# Webscraping dynamic page content

### My husband mentioned needing to get information from ASQ (American Society for Quality) about newly certified members. ASQ's site provides some search options, but not as specific as he needed, and he would've needed to copy/paste dozens of pages of search results into a spreadsheet in order to further filter responses. I offered to find a webscraping option for him. My thanks to Damien Martin and this helpful post: https://kiwidamien.github.io/using-api-calls-via-the-network-panel.html for instructions about determining the correct url to access search results.

### Takeaways from this:

## 1. In previous projects, I had struggled with how to webscrape pages that required user input (search fields, buttons, etc.). This gave me a great opportunity to learn something new and use it in a way that helped save time and effort and decrease manual input.  

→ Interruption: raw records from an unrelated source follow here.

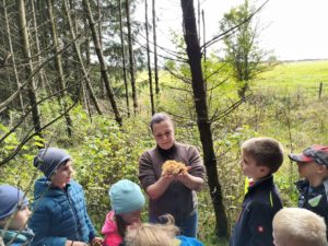 Die Kinder staunten, als ein Hexenröhrling beim Anschneiden plötzlich blau wurde und lachten, als Sarah berichtete, dass der Klebrige Hörnling in der Pfanne sogar hüpfen kann. An einer Kiefer entdeckten wir die Krause Glucke, die nicht nur lustig aussieht, sondern auch sehr gut schmecken soll. Auch den Zunderschwamm lernten wir kennen – früher nutzten die Menschen ihn, um Feuer zu machen. Außerdem erfuhren wir, dass Pilze nicht nur Nahrung sind: Aus ihrem Geflecht kann man sogar Pilzleder herstellen, das für Hüte, Taschen oder Kleidung genutzt wird.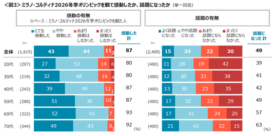 オリンピックを観た人で「感動した」と回答した人は87%と多数を占めた。家族や知人などの間で「話題になった」と回答したのは49%。感動・話題のいずれも年代が上がるほど高い割合となった。<図3>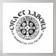 Une affiche inspirante avec l'imprimé de la calligraphie à la main de A.R. Danziger de la devise de saint Benoît et le dessin d'une médaille de saint Benoît. L'écriture unciale dit "Ora et Labora" (prière et travail) et "St. Benedicte, ora pro nobis" (saint Benoît, priez pour nous).

## 2.  Ultimately, I found similar functionality through Excel, which is more widely used by my husband's team, and thus easier for them to incorporate, so this process won't be implemented for now. 

## 3. There will often be multiple options for achieving results. Determining which one best fits a team's skills and needs is a critical step.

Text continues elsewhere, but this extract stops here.